24 Recordings from 1917 - 1959

Dust-to-Digital Holiday Series DTD-02

Vera Hall Ward - The Last Month of the Year / Cotton Top Mountain Sanctified Singers - Christ Was Born on Christmas Morn / Lead Belly - Christmas Is A-Coming / Lord Executor - Christmas Is a Joyful Day / Pawlo Humeniuk - Dance under the Willows (Tanec Pid Werbamy) / Los Jibaros - Décimas de Nacimiento / Pasquale Feis - Tu Scende Dalle Stelle (Pastorale di Natale) / Buell Kazee - Lady Gay / Alabama Sacred Harp Singers - Sherburne / Kelly Pace, Aaron Brown, Joe Green, Matthew Johnson and Paul Hayes - Holy Babe / Rev J M Gates - He Was Born in a Manger / Rev Edward W Clayborn (The Guitar Evangelist) - The Wrong Way to Celebrate Christmas / Walter Davis - Santa Claus / McKinney's Cotton Pickers - Gee, Ain't I Good to You / Bessie Smith - At the Christmas Ball / Butterbeans and Susie - Papa Ain't No Santa Claus (Mama Ain't No Christmas Tree) / Kansas City Kitty - Christmas Morning Blues / Leroy Carr - Christmas in Jail - Ain't That a Pain? / Lord Beginner - Christmas Morning the Rum Had Me Yawning / Fiddlin' John Carson and His Virginia Reelers - Christmas Time Will Soon Be Over / Norman Edmonds - Breaking Up Christmas / Mary Harris - Happy New Year Blues / Lightnin' Hopkins - Happy New Year / Maddox Brothers and Rose - Jingle Bells.
"They didn't want it good. They wanted it Thursday." Ronald Reagan

Cover pictureFear not my friends, the above quote refers not to the record under review, but to the review itself.  You see, this delightful Yuletide extravagance has just dropped through my letterbox and there’s only blankety-blank days left in which to post the epistle. 

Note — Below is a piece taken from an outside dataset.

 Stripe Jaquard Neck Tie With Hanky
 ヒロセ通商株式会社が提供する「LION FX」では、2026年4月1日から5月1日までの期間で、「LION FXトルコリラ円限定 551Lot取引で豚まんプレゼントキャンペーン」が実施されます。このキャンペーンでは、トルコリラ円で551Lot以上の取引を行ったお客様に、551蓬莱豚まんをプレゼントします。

So, from the time perspective at any rate, I am relieved to find that this is a far more modest venture than Goodbye, Babylon; Dust-to-Digital’s block-busting debut anthology, reviewed here.  But modest or not, and allowing for a few unseasonal moans, I can pronounce it a consummate cracker.  It comes in an attractive gatefold jacket which looks a bit like an outsize gift tag.  There is no booklet as such.  Instead the jacket holds a small volume, in which the track are listed together with some fairly minimal discographical information.  I was a bit nonplussed at the lack of transcriptions and track notes, but these can be downloaded at http://www.dust-digital.com . 

Unfortunately, the site’s webmaster has seen fit to place each track on a separate page, which makes opening up (and in my case, printing off) a tedious task.  Also, there is no introductory essay and the track notes are sparse and less than scholarly and in one or two cases, non-existent.  For instance, the entry for Norman Edmonds’ Breaking Up Christmas reads as follows:

Norman Edmonds (1889-1976) of Carroll County, Virginia is best remembered for his 1927 record “Train on the Island."
Also, the lack of information concerning Leadbelly’s Christmas Is A Coming, plus the unusually clean sound, plus the suggestion that this was an extemporised performance, led me to think that this must be the off the air tape recording which Frederick Ramsey Jnr made in 1948.  However, a quick comparison with Shout On (XTRA 1126), where the Ramsey recording appears, revealed that it is not and I have yet to discern the source.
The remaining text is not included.